2021/6/18

昨日の夜、疲れて8時に寝たら嫌な夢を見て0時に起きた。すぐには眠れそうになかったので、本を読んだ。アンナ・カヴァンの「氷」。全て読み終わったのが2時頃で、いつも通り雨音を流して寝ようとしたけれど眠れず、BGMをすぎるとshu3のマイクラ作業配信に変えたら、4時前にやっと眠りにつけた。リラックスして話してる人たちの声を聴いてると、こっちもリラックスできる。すぎるはやさしい人だなあ…とよく思う。9時前には起床することができて、窓の外は快晴で歩くと気持ちがよさそうだったので、予約していた本を取りに図書館まで歩くことにした。

 

街を歩くと、いつも(街っておもしろいな〜)と思う。
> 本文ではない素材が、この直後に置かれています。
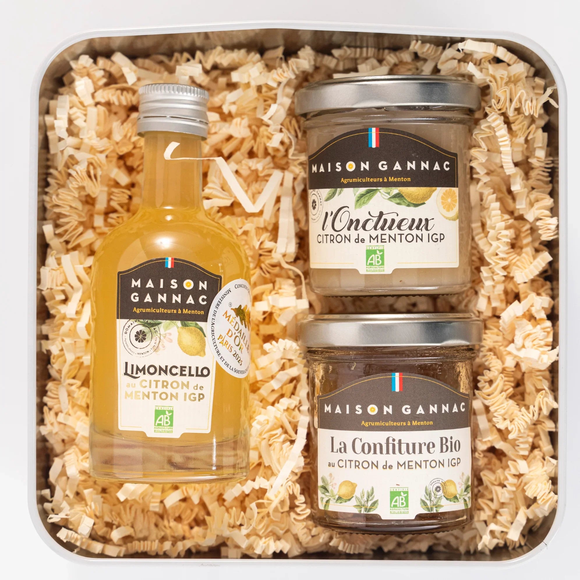 Ce coffret se compose d'un Limoncello BIO médaille d’argent au Concours général agricole en 2023 (10 cl), une confiture BIO au Citron de Menton IGP (100g) et un Onctueux BIO au Citron de Menton IGP qui tire son originalité et son goût du ziste de l’agrume (100g).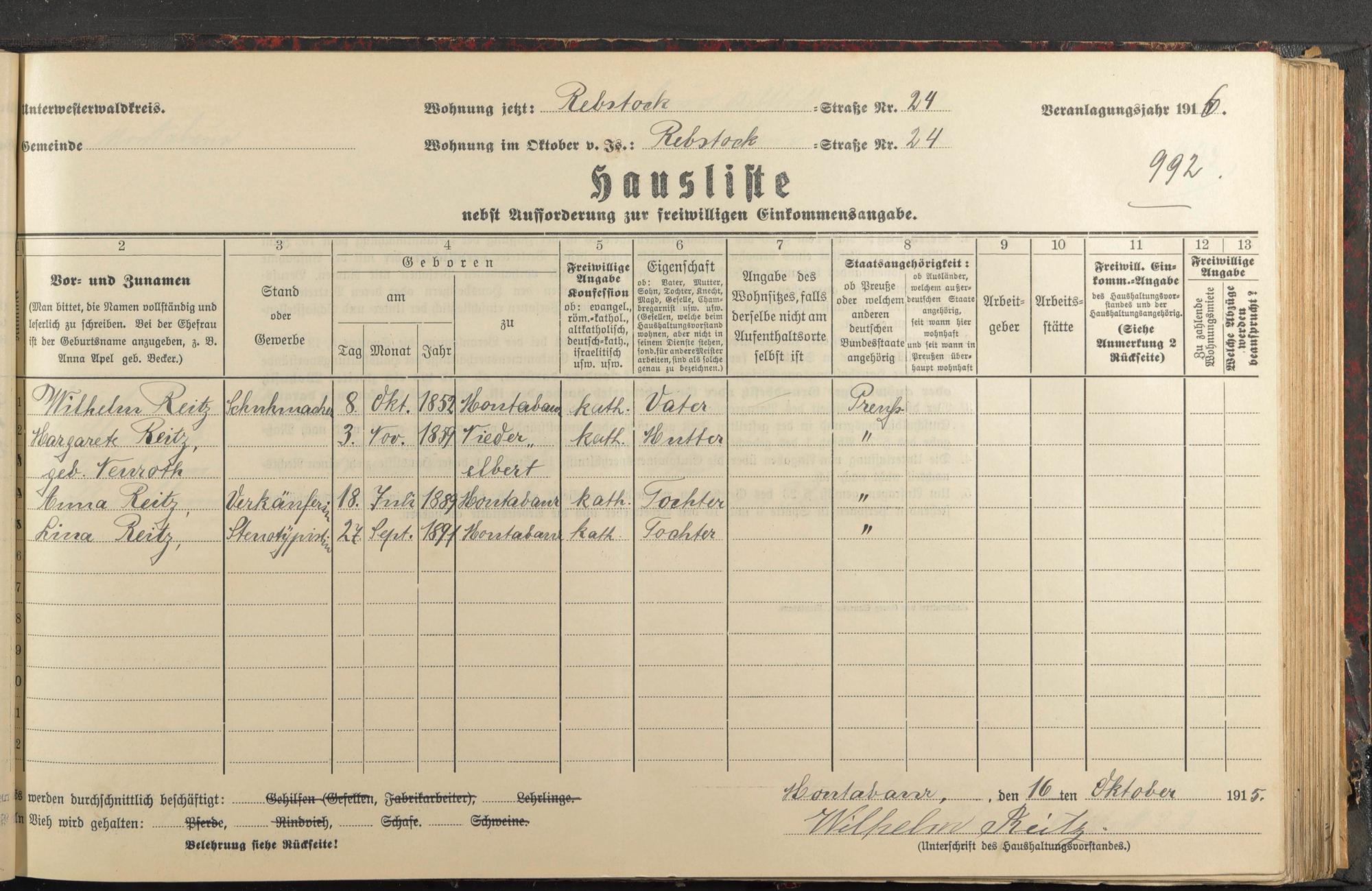 Haushaltsliste 1916, Band II., Abteilung 4, A 283

街はただ存在しているだけなのに、その中を通り抜ける私はいつも様々なものを発見して楽しんでいる。同じ場所でも違う時刻に行くと全く異なる様子だったりするし(私が散歩するのは基本的に夜なので、太陽の白い光の下で様々な人が行き交う様、街が正に稼働している様を見るのは新鮮だった。私は街の寝顔ばかりを眺めている)、本当に散歩っておもしろいと思う。考えごとも捗るし。最近、恋人と付き合って1年になったのだけれど、それを祝う砂絵ならぬ「石絵」とかやってみたらおもしろそうだなと思っていて、どうやったらそのアイデアが実現するか考えていた。これどうかな?という案が出てきたので、後で恋人に申告してみようと思う。

 

図書館⇄家で見た(いいね〜)と思ったものを貼ります。こういうの上げるのってInstagramが適切なんだろうけどね。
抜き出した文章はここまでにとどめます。